Virtual keys
Generate API keys for developers to access the gateway with any OpenAI-compatible SDK.
Overview
Virtual keys are API keys you hand out to developers so they can send LLM requests through the gateway with any OpenAI-compatible SDK. No VerifyWise account required. Your guardrails, budgets, and audit logs still apply to every request; the developer doesn't need to think about any of that.
They're useful when you want application teams or external services to hit your LLM endpoints while you keep control over what gets spent, what content gets through, and what gets logged.
Creating a virtual key
- Open the Virtual keys page from the AI Gateway sidebar.
- Click Create key.
- Give it a name that tells you what it's for (e.g., "chatbot-prod" or "analytics-team").
- Optionally set a monthly budget, rate limit (RPM), and expiry date.
- Click Create. The full key appears once.
- Copy it now. You won't see it again.
Using a virtual key
Point any OpenAI-compatible SDK at the gateway URL and use the virtual key as the API key. The model field is the endpoint slug you set up on the Endpoints page.
from openai import OpenAI
client = OpenAI(
base_url="https://your-verifywise-host/v1",
api_key="sk-vw-your-virtual-key-here",
)
response = client.chat.completions.create(
model="my-endpoint-slug", # matches the endpoint slug in VerifyWise
messages=[
{"role": "user", "content": "Summarize this document."}
],
)
print(response.choices[0].message.content)Key format and security
Keys follow the format sk-vw- plus 32 hex characters. Only the SHA-256 hash is stored in the database. The plaintext is shown once at creation and can't be recovered after that.
- Prefix:
sk-vw-identifies it as a VerifyWise virtual key - Storage: SHA-256 hash only; the raw key is never persisted
- Lost key?: Revoke the old one and create a new key. There's no recovery.
Budget controls
Each key can have its own monthly spending cap. When a key hits its limit, only that key gets blocked. Other keys, Playground users, and the rest of the gateway keep running.

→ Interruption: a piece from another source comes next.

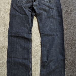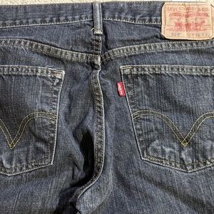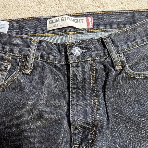 Levi's 514 straight slim, black denim jeans. small discoloration on front of one leg. No idea what it is or how it happened. The jeans are a size 33waist, 32inseam. These jeans have been worn and are broken in.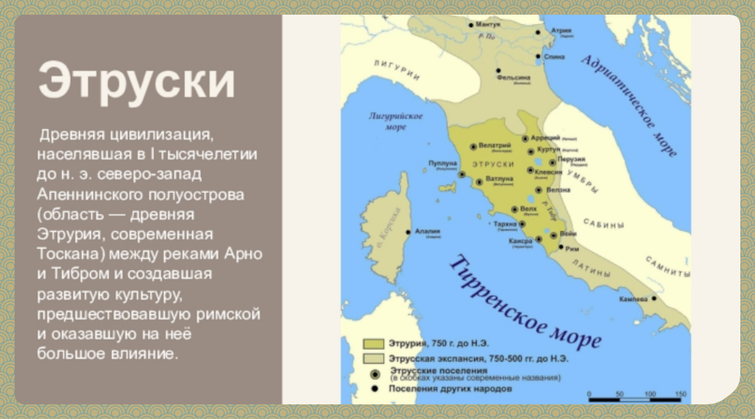 Эта цивилизация имела высочайшую степень развития, как в технологиях, так и в искусстве, которую по истечении многих веков переняли древние римляне. Древняя Этрурия раскинулась на землях нынешней Тосканы и Лацио, представляя собой отдельные автономные поселения, которые имели общие языковые корни и культурные традиции

- Reset: Budgets reset on the 1st of each month
- Scope: Per-key, separate from endpoint or org-wide budgets
- Notifications: Admins get an email when a key's budget runs out
- Response: A budget-exhausted key gets a 429 with a message explaining why
Rate limiting
You can set a requests-per-minute (RPM) cap on each key. It uses a Redis sliding window, so it handles bursts correctly.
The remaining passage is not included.